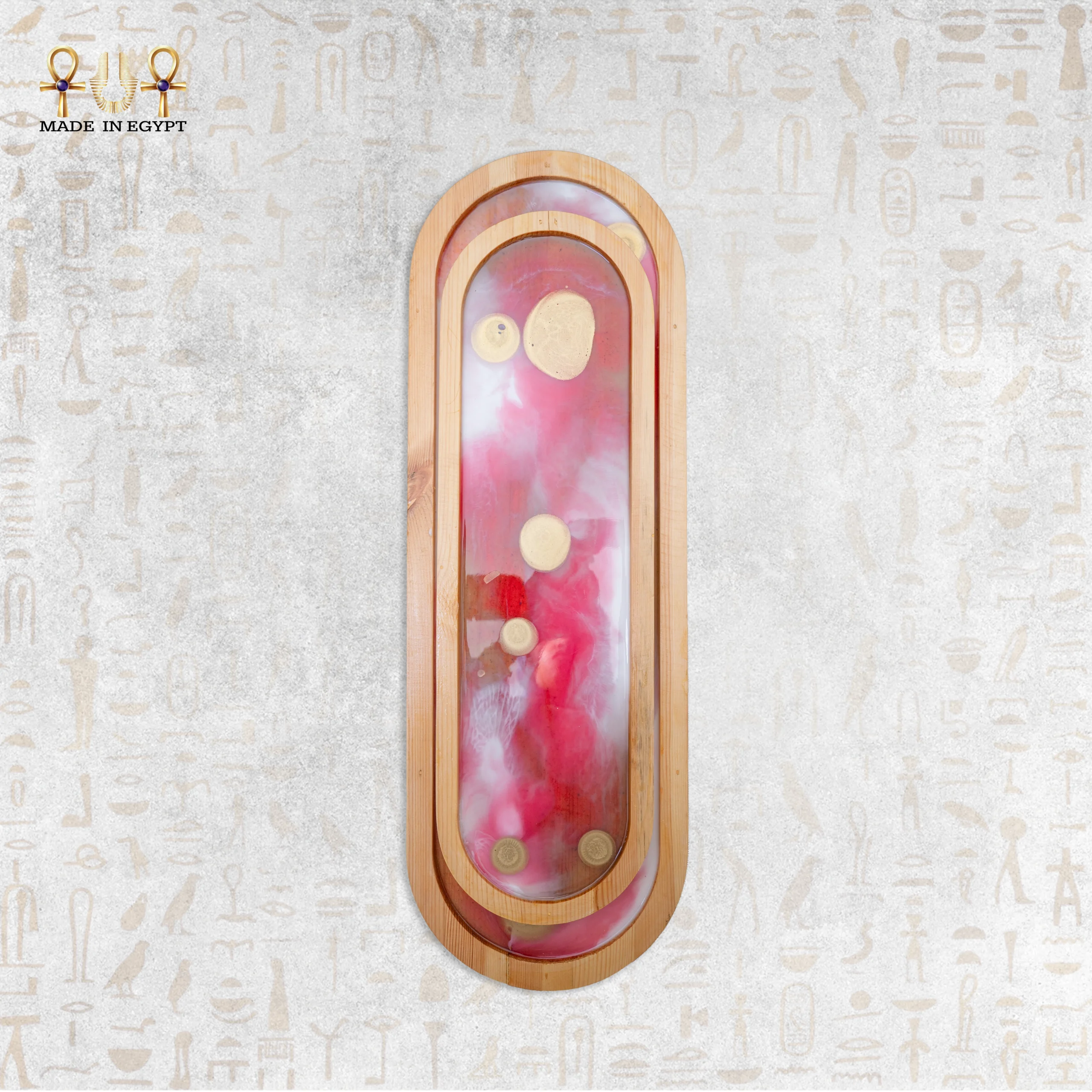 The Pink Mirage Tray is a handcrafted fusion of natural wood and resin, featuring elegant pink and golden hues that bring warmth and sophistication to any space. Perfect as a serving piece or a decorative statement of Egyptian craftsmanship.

________________________

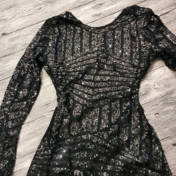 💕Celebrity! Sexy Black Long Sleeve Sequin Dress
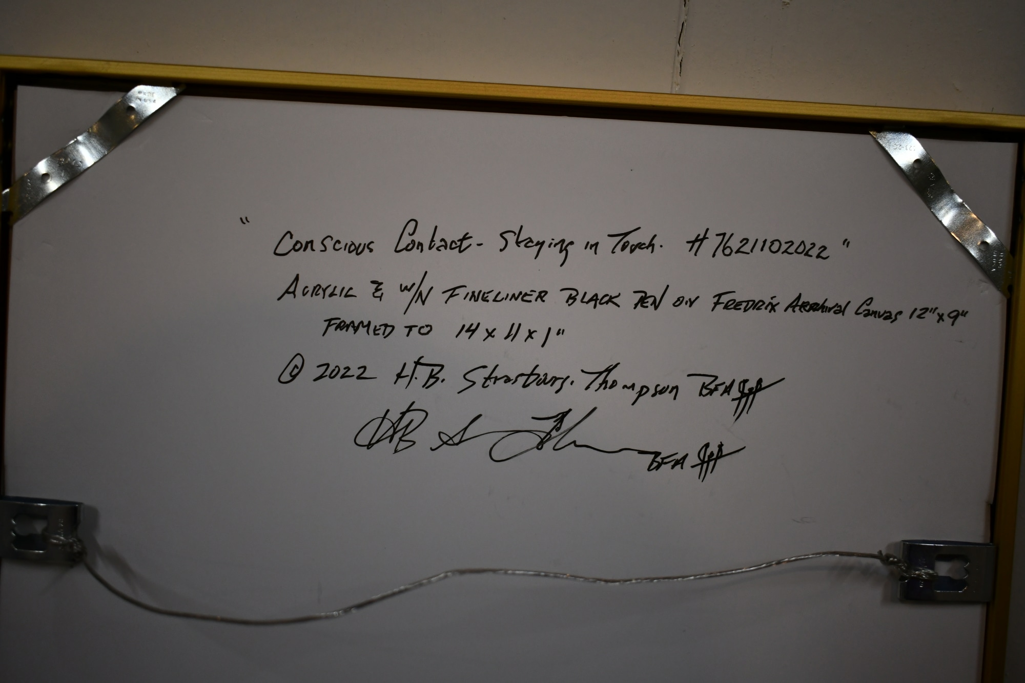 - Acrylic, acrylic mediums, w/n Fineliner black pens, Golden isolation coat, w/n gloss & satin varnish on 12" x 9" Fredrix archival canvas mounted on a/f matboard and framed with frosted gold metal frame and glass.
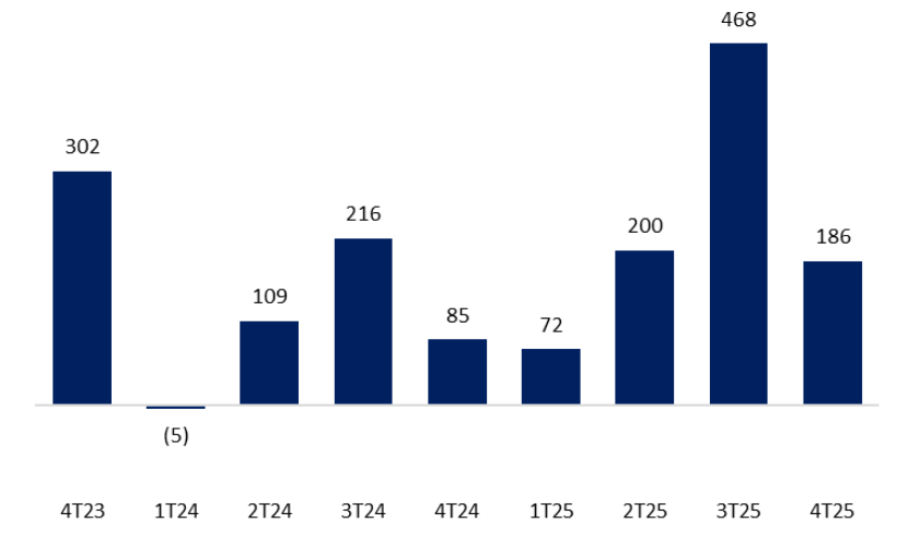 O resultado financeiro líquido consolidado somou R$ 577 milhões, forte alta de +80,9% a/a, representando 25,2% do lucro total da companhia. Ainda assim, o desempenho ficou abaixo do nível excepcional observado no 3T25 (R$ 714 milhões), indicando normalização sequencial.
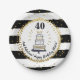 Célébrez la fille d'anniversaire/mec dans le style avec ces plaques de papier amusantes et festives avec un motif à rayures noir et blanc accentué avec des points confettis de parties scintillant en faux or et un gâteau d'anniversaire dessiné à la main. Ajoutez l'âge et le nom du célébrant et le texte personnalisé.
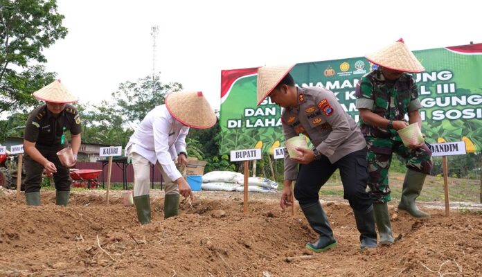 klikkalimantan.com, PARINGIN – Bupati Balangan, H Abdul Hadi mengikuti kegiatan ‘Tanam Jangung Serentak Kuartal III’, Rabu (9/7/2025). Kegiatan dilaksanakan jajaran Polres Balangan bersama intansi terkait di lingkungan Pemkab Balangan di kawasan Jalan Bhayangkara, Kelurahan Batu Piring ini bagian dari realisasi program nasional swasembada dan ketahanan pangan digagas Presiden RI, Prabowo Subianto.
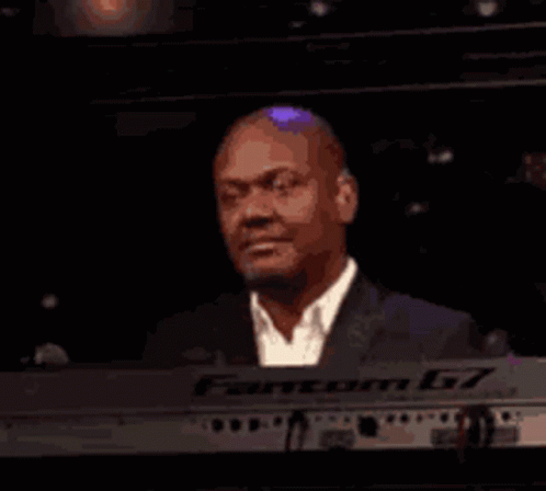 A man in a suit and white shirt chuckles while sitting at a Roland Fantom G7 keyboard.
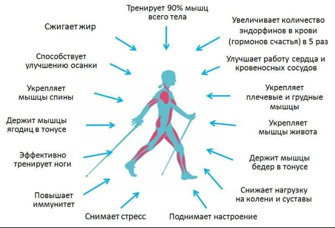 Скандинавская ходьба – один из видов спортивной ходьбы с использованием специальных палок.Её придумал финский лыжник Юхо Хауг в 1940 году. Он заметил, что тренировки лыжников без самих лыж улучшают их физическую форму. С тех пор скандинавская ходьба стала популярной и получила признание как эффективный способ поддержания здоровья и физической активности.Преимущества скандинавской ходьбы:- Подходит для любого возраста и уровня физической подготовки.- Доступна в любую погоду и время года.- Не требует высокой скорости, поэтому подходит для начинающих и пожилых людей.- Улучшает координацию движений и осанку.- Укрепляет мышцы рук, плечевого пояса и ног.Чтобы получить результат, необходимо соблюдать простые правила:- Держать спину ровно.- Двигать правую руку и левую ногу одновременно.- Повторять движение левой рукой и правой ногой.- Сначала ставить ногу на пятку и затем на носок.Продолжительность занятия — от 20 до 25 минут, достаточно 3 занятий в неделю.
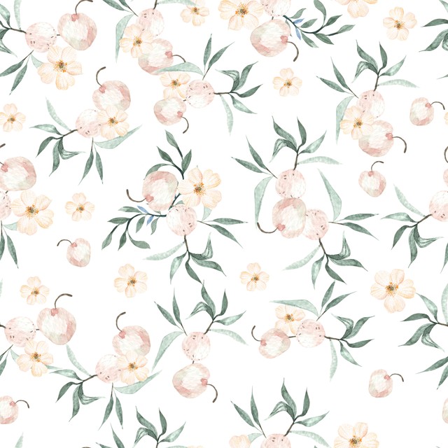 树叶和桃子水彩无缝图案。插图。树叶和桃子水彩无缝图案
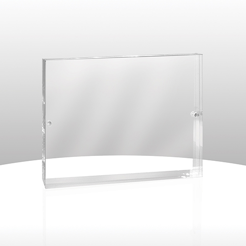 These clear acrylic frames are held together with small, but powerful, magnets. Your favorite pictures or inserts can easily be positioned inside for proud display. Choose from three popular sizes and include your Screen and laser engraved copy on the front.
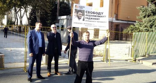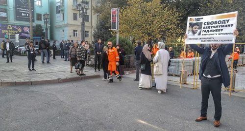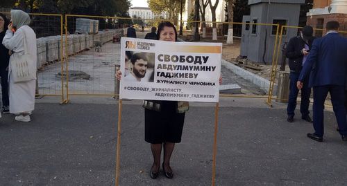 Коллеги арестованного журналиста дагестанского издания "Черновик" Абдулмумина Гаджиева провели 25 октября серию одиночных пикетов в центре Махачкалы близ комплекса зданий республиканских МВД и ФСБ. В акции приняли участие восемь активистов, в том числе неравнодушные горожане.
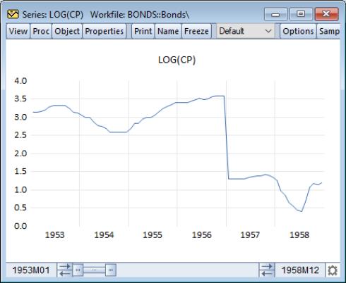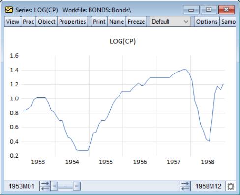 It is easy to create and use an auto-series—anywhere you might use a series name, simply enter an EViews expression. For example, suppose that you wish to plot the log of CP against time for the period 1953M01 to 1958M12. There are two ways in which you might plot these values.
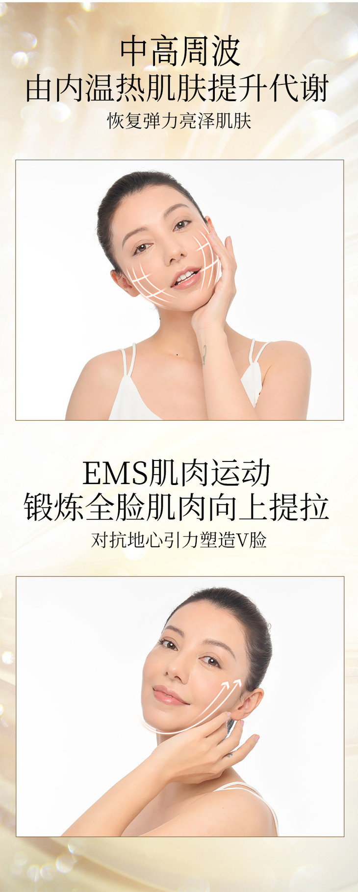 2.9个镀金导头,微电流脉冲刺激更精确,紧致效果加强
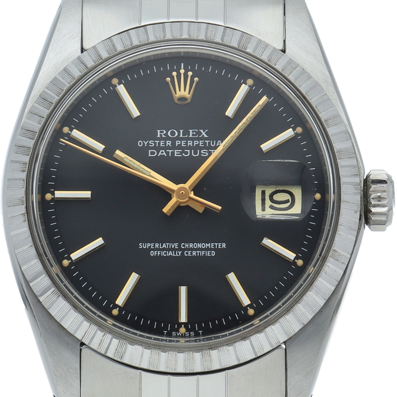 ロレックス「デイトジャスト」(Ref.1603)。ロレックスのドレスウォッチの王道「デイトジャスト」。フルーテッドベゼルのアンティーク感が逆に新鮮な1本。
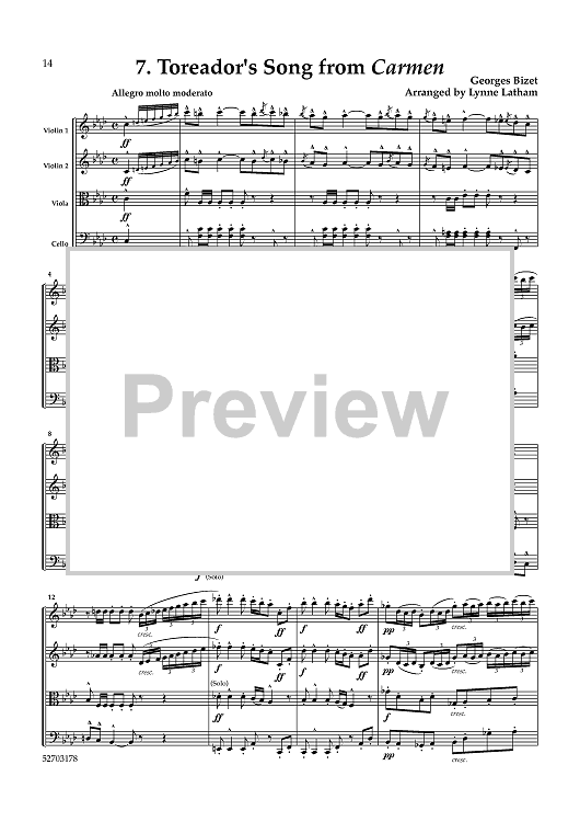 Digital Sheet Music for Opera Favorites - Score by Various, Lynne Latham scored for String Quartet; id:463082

________________________

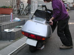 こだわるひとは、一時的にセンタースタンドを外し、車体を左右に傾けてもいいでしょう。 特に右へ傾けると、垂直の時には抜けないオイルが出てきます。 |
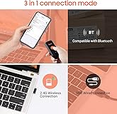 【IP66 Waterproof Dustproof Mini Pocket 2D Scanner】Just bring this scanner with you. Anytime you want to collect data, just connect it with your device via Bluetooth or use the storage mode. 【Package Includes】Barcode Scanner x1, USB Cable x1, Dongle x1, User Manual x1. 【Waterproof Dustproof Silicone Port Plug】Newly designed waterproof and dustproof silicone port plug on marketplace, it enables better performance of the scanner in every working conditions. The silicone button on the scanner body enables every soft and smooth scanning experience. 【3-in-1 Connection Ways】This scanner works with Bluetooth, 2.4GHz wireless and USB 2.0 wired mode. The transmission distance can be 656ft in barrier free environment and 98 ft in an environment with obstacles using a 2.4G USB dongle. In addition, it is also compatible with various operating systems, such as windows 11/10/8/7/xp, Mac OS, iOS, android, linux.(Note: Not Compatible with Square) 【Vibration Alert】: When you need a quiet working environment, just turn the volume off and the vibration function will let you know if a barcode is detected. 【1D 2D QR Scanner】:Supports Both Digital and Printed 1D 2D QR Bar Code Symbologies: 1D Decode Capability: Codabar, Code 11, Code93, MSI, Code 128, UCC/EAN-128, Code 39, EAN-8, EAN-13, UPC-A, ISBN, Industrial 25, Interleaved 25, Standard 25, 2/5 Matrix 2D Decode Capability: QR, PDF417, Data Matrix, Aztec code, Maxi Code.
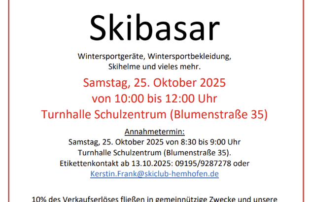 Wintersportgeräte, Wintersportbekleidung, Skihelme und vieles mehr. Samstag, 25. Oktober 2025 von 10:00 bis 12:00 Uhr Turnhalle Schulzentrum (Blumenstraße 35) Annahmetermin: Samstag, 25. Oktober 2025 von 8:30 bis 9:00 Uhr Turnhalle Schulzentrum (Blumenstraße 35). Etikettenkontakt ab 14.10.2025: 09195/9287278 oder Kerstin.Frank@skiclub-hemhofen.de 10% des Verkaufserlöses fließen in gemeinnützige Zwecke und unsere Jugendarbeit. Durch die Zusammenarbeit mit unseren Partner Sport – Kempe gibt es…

________________________

Task directions
Output exactly those lines of the data above that run from the line with "klikkalimantan.com, PARINGIN –" up to and including the line with "A man in a suit". No pictures go in.

Your response
 klikkalimantan.com, PARINGIN – Bupati Balangan, H Abdul Hadi mengikuti kegiatan ‘Tanam Jangung Serentak Kuartal III’, Rabu (9/7/2025). Kegiatan dilaksanakan jajaran Polres Balangan bersama intansi terkait di lingkungan Pemkab Balangan di kawasan Jalan Bhayangkara, Kelurahan Batu Piring ini bagian dari realisasi program nasional swasembada dan ketahanan pangan digagas Presiden RI, Prabowo Subianto.
 A man in a suit and white shirt chuckles while sitting at a Roland Fantom G7 keyboard.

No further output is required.